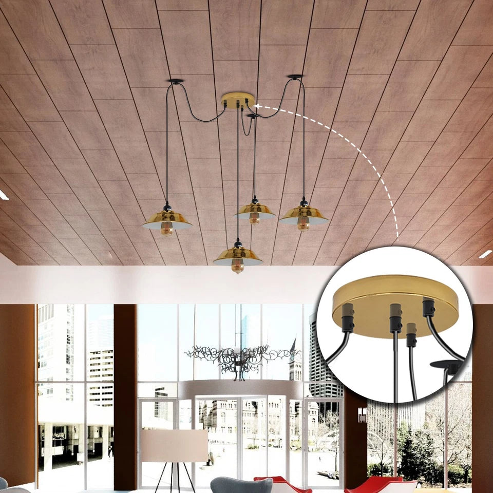 Multi Outlet Drop Pendant Yellow Brass Ceiling Rose
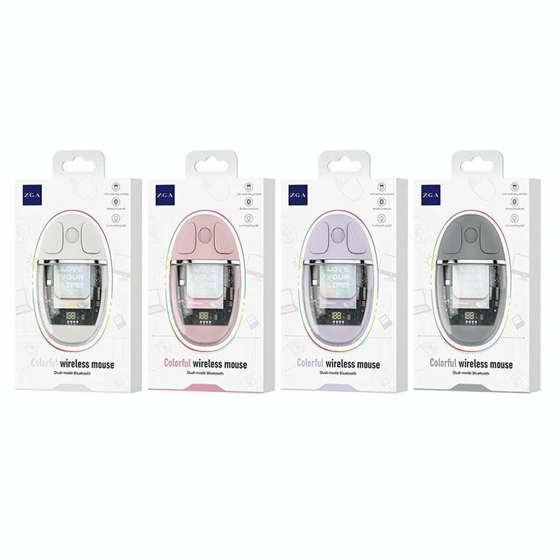 ZGA Πολύχρωμο διαφανές ασύρματο ποντίκι διπλής λειτουργίας 2.4G + Bluetooth 5.0 (κρεμώδης λευκός) (ZGA)
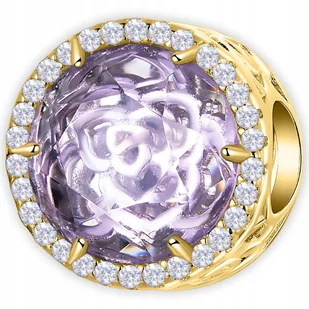 CHARMS ZŁOTY Okrągły Koralik POZŁACANY 585 Fioletowy Kryształ SREBRO 925
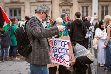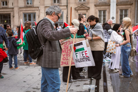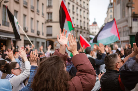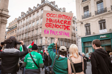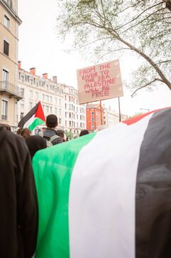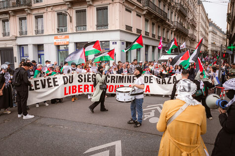 Manifestation à l'appel du Collectif 69 Palestine le 6 avril 2024 à Lyon, pour exiger un cessez-le-feu immédiat et permanent pour la bande de Gaza, l'arrêt des bombardements et des déplacements forcés des populations.
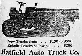 - ↑ "Planning To Build Auto Delivery Cars, The Hatfield Company Being Organized Here". The Marion Star. Marion, Ohio. 1909-11-10. Retrieved 2020-05-05.
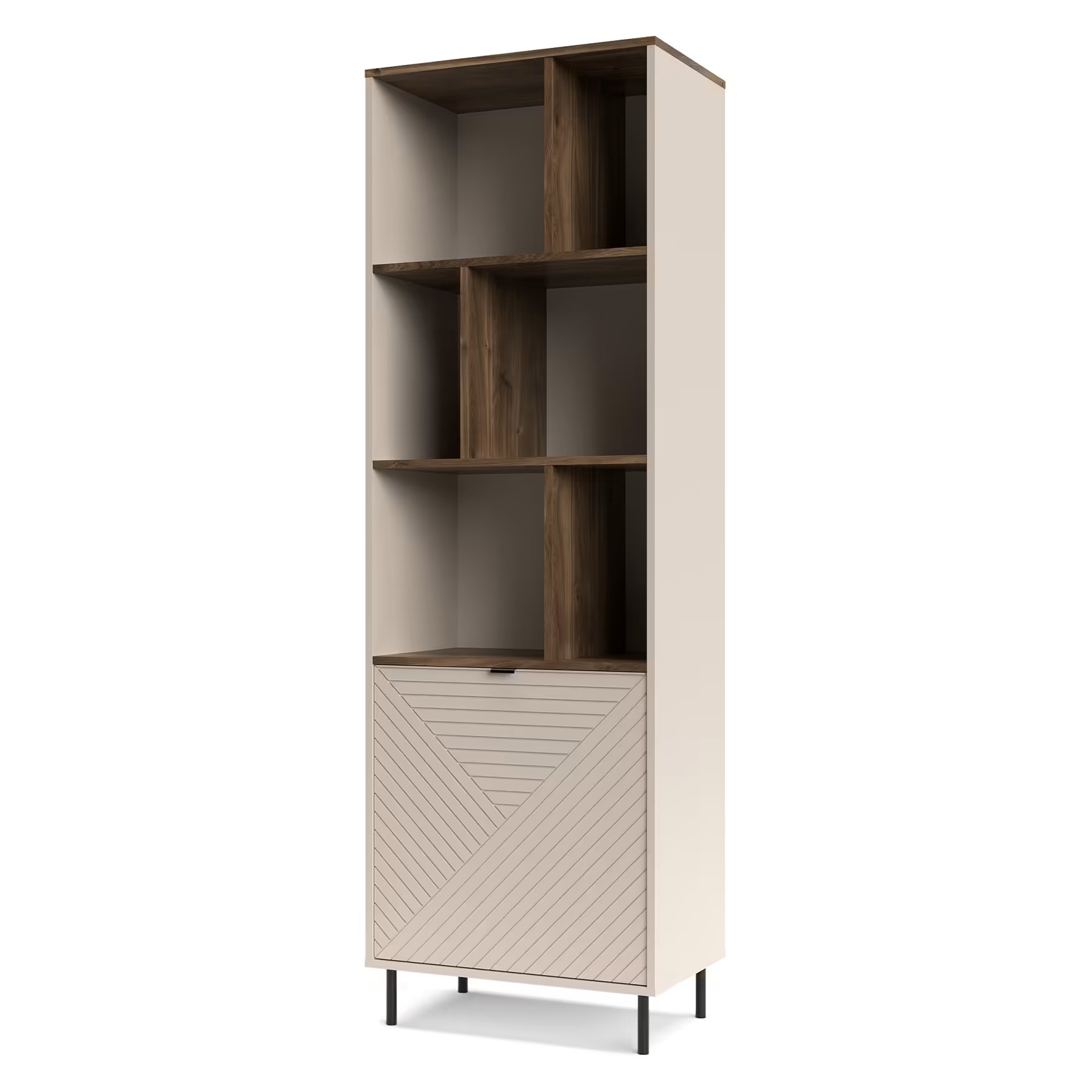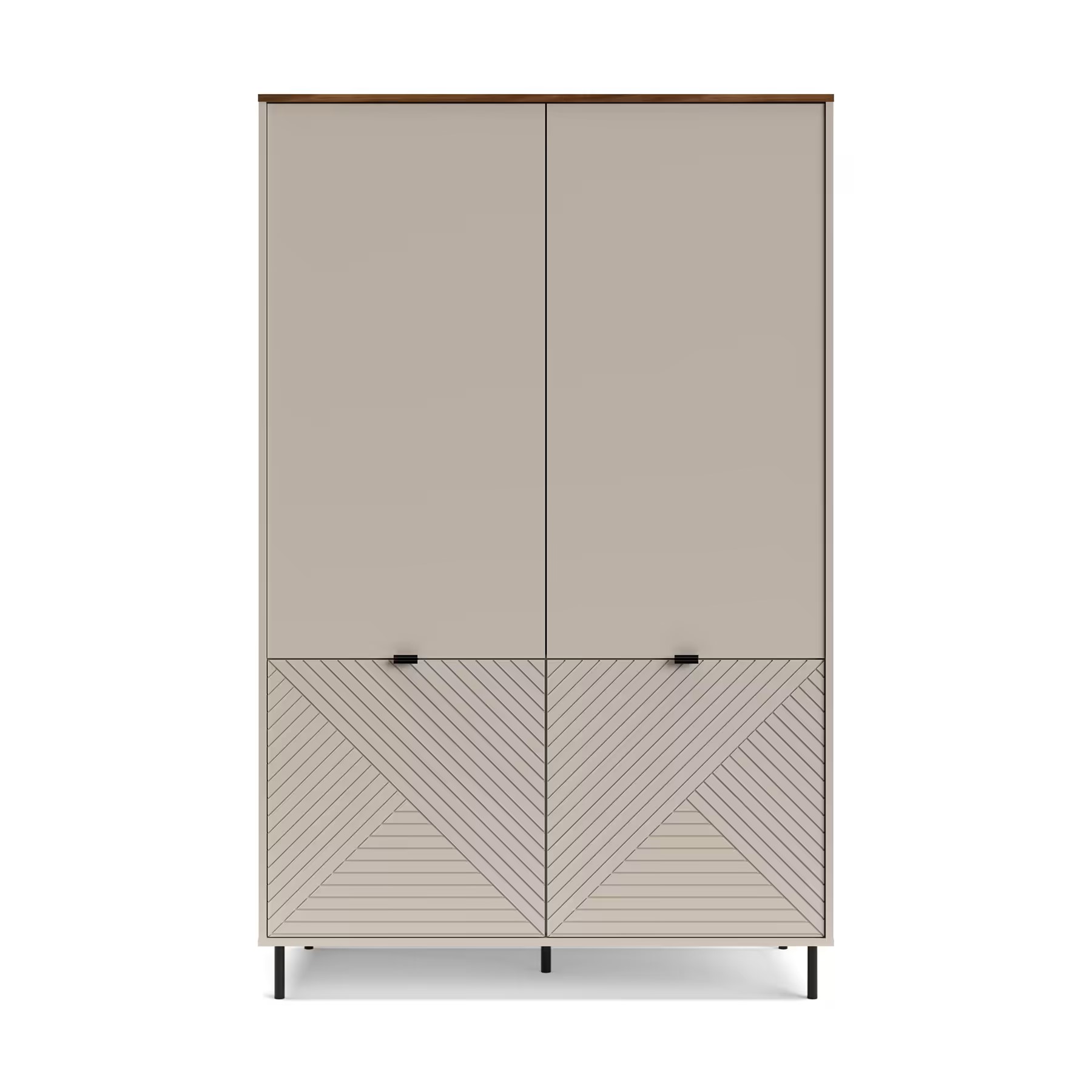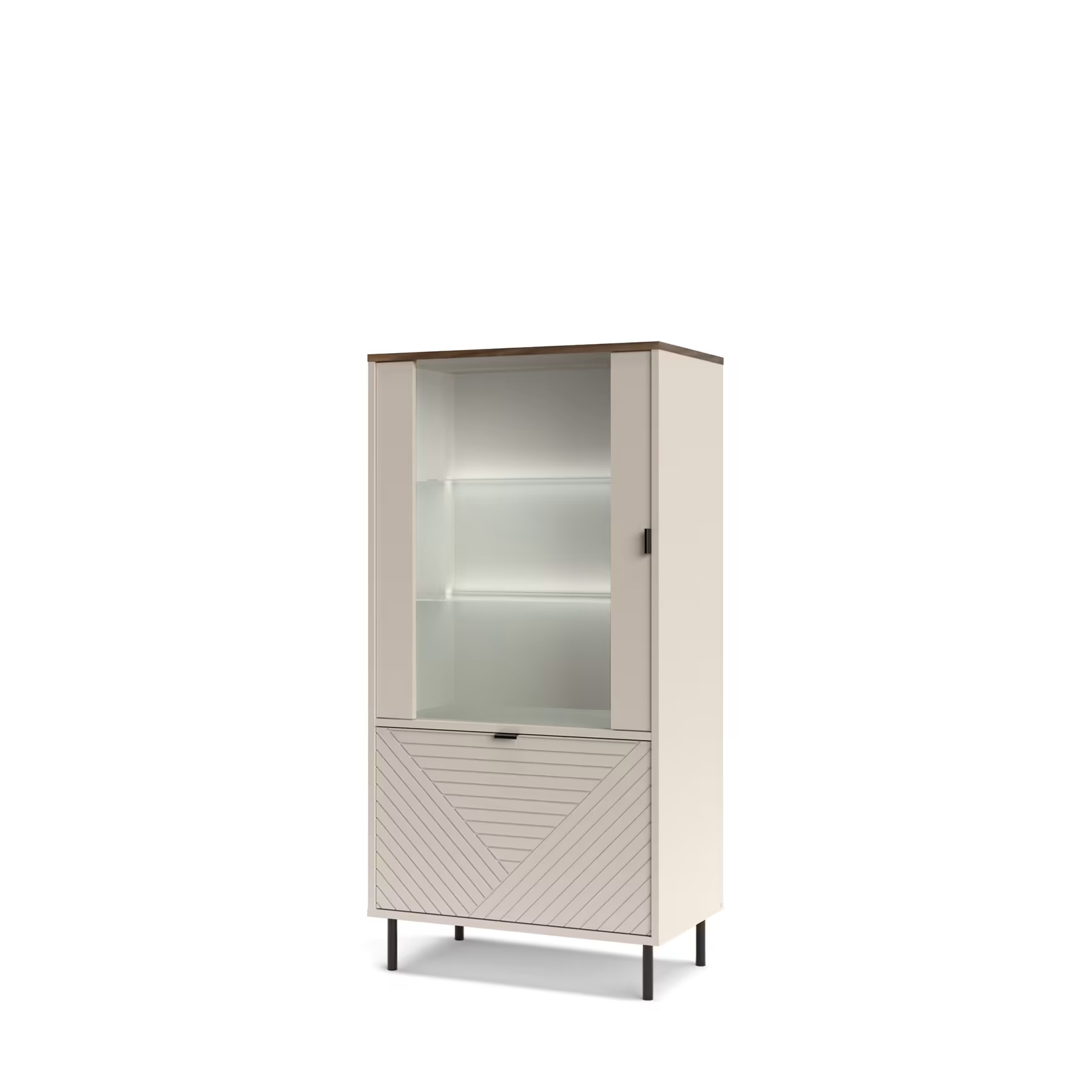Subtelne metalowe nóżki dodają meblom lekkości, a jednocześnie zapewniają stabilną konstrukcję. Delikatne, metalowe uchwyty zostały zaprojektowane tak, aby nie odwracały uwagi od frezowanych frontów — dzięki temu design pozostaje spójny i elegancki.
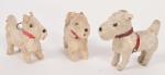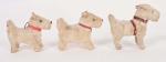 Trois Fox Terrier en peluche, yeux de verre, colliers rouges. Usures. H. entre 7 et 6 cm.
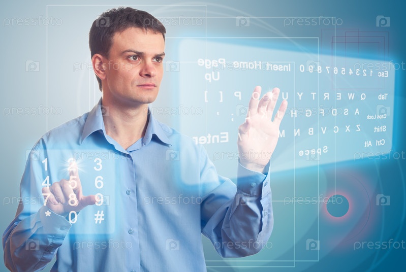 Молодой человек с виртуальной клавиатурой на голубом фоне
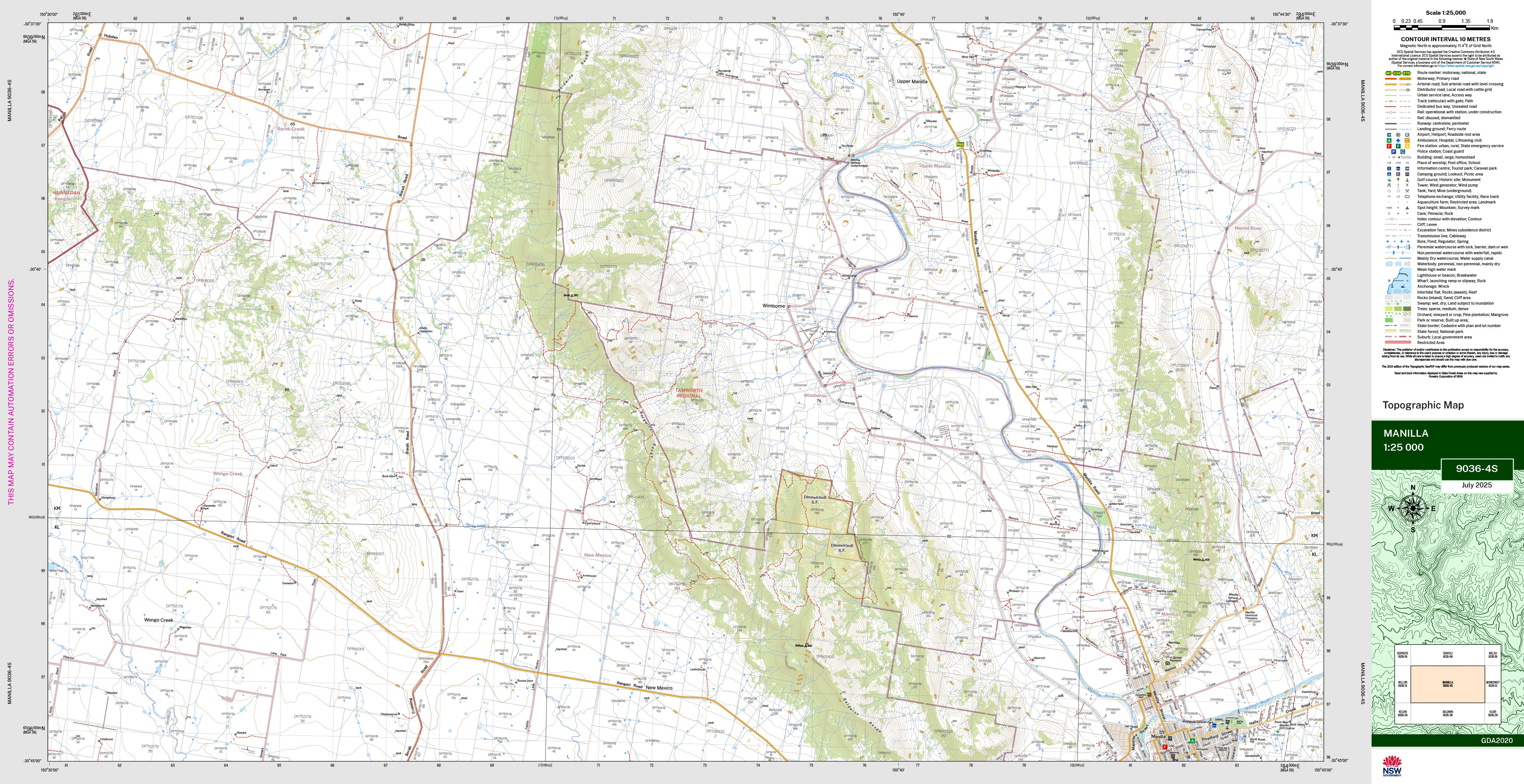 The Manilla 1:25,000 scale New South Wales topographic map shows contours, streams, roads, tracks, buildings, place names, points of interest, vegetation, selected administrative boundaries and much more.
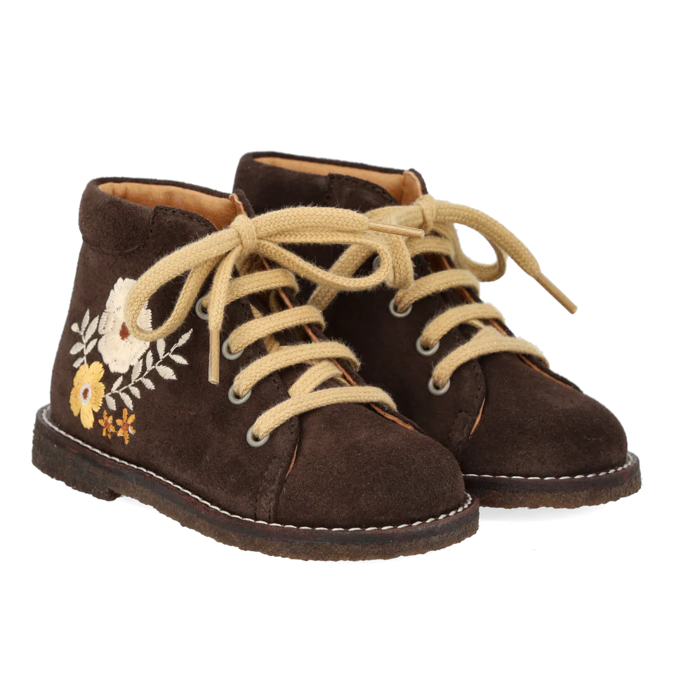 Angulus Dark Brown Embroidered Lace Baby Shoe – HAL Shoes
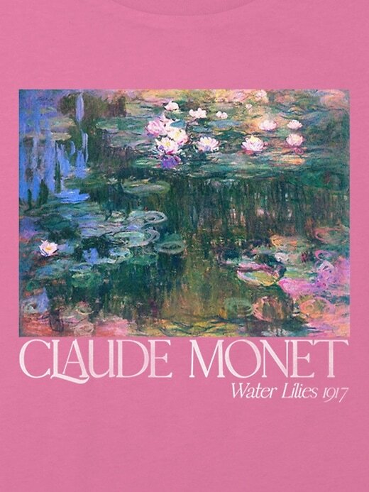 - Aprecie a arte de Claude Monet com esta camiseta gráfica destacando uma pintura de nenúfar.
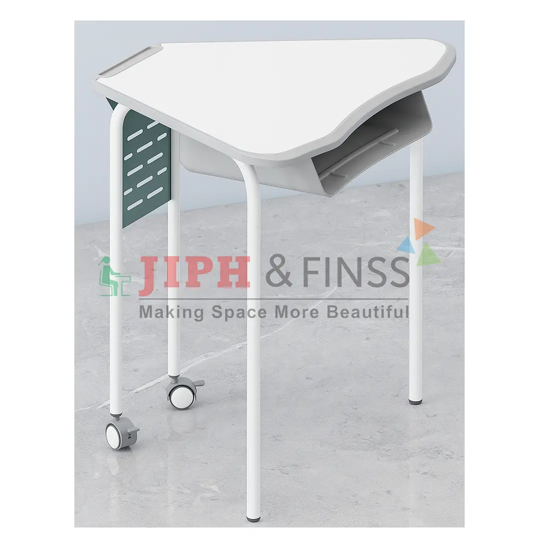 Scholar-207 is a modern modular classroom desk designed for flexible and dynamic learning environments. Its unique triangular shape supports collaborative seating layouts, while integrated storage and caster wheels allow easy movement and quick reconfiguration. Built with a powder-coated steel frame and a laminated top, seat, and backrest, Scholar-207 combines durability, comfort, and contemporary classroom aesthetics.
• • • • • • •
Problem statement> Only the lines from the beginning of the records up to and including the line with "Trois Fox Terrier" should appear, exactly as they are, and no pictures.

Result below>
 Multi Outlet Drop Pendant Yellow Brass Ceiling Rose
 ZGA Πολύχρωμο διαφανές ασύρματο ποντίκι διπλής λειτουργίας 2.4G + Bluetooth 5.0 (κρεμώδης λευκός) (ZGA)
 CHARMS ZŁOTY Okrągły Koralik POZŁACANY 585 Fioletowy Kryształ SREBRO 925
 Manifestation à l'appel du Collectif 69 Palestine le 6 avril 2024 à Lyon, pour exiger un cessez-le-feu immédiat et permanent pour la bande de Gaza, l'arrêt des bombardements et des déplacements forcés des populations.
 - ↑ "Planning To Build Auto Delivery Cars, The Hatfield Company Being Organized Here". The Marion Star. Marion, Ohio. 1909-11-10. Retrieved 2020-05-05.
Subtelne metalowe nóżki dodają meblom lekkości, a jednocześnie zapewniają stabilną konstrukcję. Delikatne, metalowe uchwyty zostały zaprojektowane tak, aby nie odwracały uwagi od frezowanych frontów — dzięki temu design pozostaje spójny i elegancki.
 Trois Fox Terrier en peluche, yeux de verre, colliers rouges. Usures. H. entre 7 et 6 cm.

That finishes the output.